The problem is that we are assuming a size mx_part
for the integer arrays nbnab
,ibarddr
, etc. but this is not always correct. Because we are using a pointer, we don't explicitly allocate a size for the array (although it looks like it might be possible to figure out from the code in the kernel). The maxval
function then looks at all elements from 1 to mx_part
and in case of some of the pointers finds uninitialized memory.
Personally I would be strongly in favour of getting rid of the pointers. One possible solution would be to just pass the integer indices to each sub-array instead, if the underlying data structure is too difficult to change.
A simple solution to this particular issue seems to be using assumed-shape arrays in the multiply kernel, ie. integer(integ) :: ibaddr(:)
instead of integer(integ) :: ibaddr(mx_part)
. How exactly the correct shape gets propagated to the kernel is anyone's guess, maybe because the pointer is pointing to a chunk of memory of specified size, that information is contained in the pointer.
Let me ask you a question related to this problem. With the changes in tk-fix-multiply-kernel-memory-leak, has the problem of memory leak been actually solved?
We are also suffering from the memory leak in MD simulations (though not O(N) calculations).
I think the changes in the branch make sense. Since the pointers are used as usual passed arrays in the subroutines like end_part_comms
, the actual arrays may be prepared and copied from part_array
(by compilers) and used in the subroutines. We have memory leaks If these arrays would not be deallocated properly. (But, then we should have this problem also in long SCF calculations..) Do you think it happens with the present CONQUEST?

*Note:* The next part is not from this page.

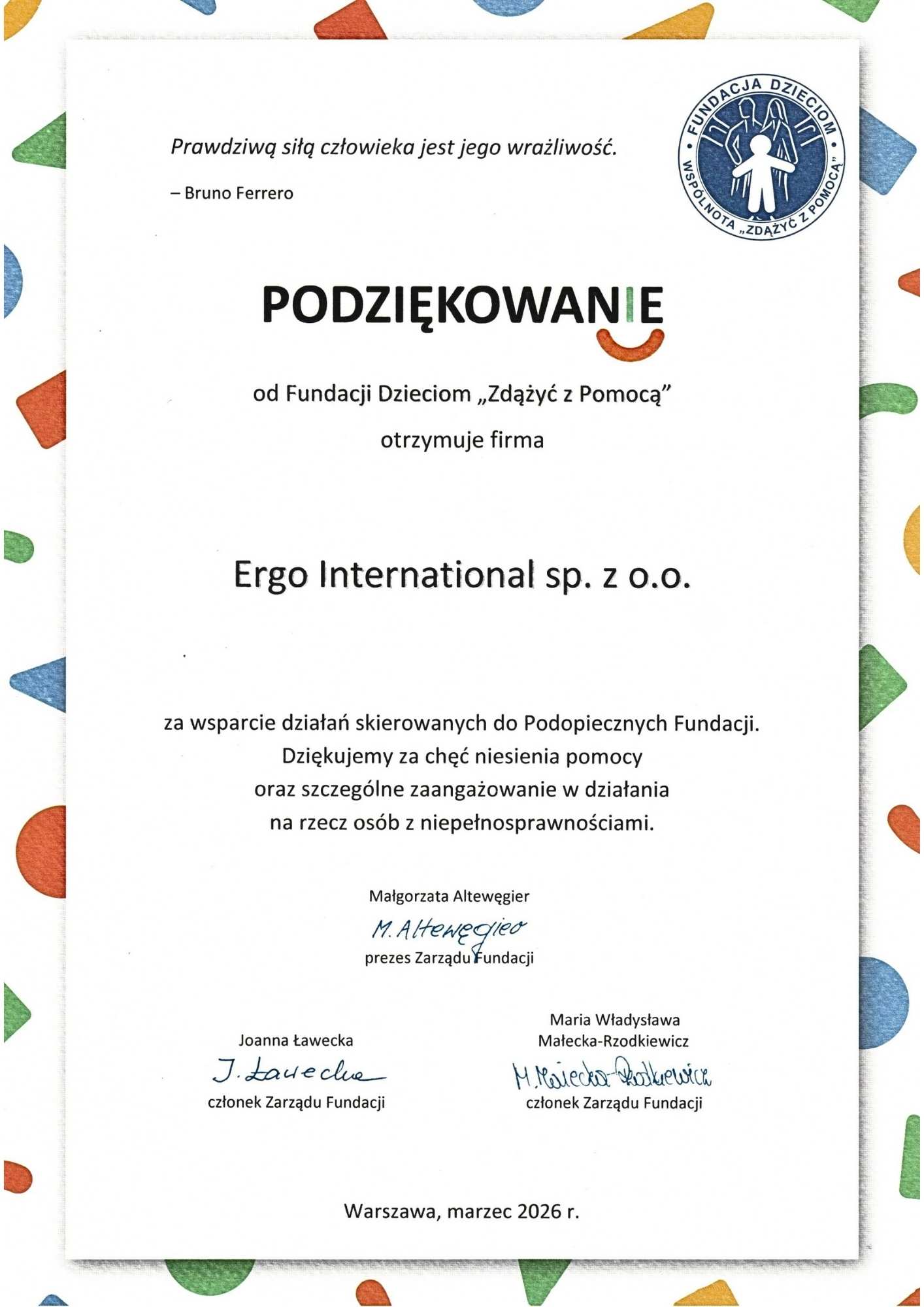 W marcu 2026 roku firma ERGO International sp. z o.o. otrzymała oficjalne podziękowanie od Fundacji za chęć niesienia pomocy oraz szczególne zaangażowanie w działania na rzecz osób potrzebujących wsparcia. To wyróżnienie stanowi dla nas nie tylko powód do dumy, ale także motywację do dalszego działania na rzecz społeczności.

The problem that #293 fixes is the receiving subroutines in multiply_kernel
assume an array of size mx_part
, but the pointer that is passed in may be smaller. As far as I could tell, this was not causing errors anywhere except for multiply_kernel_ompGemm_m
, where the maxval
function was used to find the maximum value of the whole array, and the return value of maxval
was being used as the size of a new allocatable array. Other accesses to the array were done by index, where presumably the index was calculated to fit the bounds of the actual array. In end_part_comms
the pointers were already being passed into assumed shape arrays so I didn't see the same problem there.
Which multiply kernel are you using in your simulations? I suppose the easiest thing to do would be to test whether your issues are resolved by the changes in #293, if not then we need to debug further.
Another thing to test would be #294, which avoids the use of pointers completely, to see if the pointers are causing memory leaks.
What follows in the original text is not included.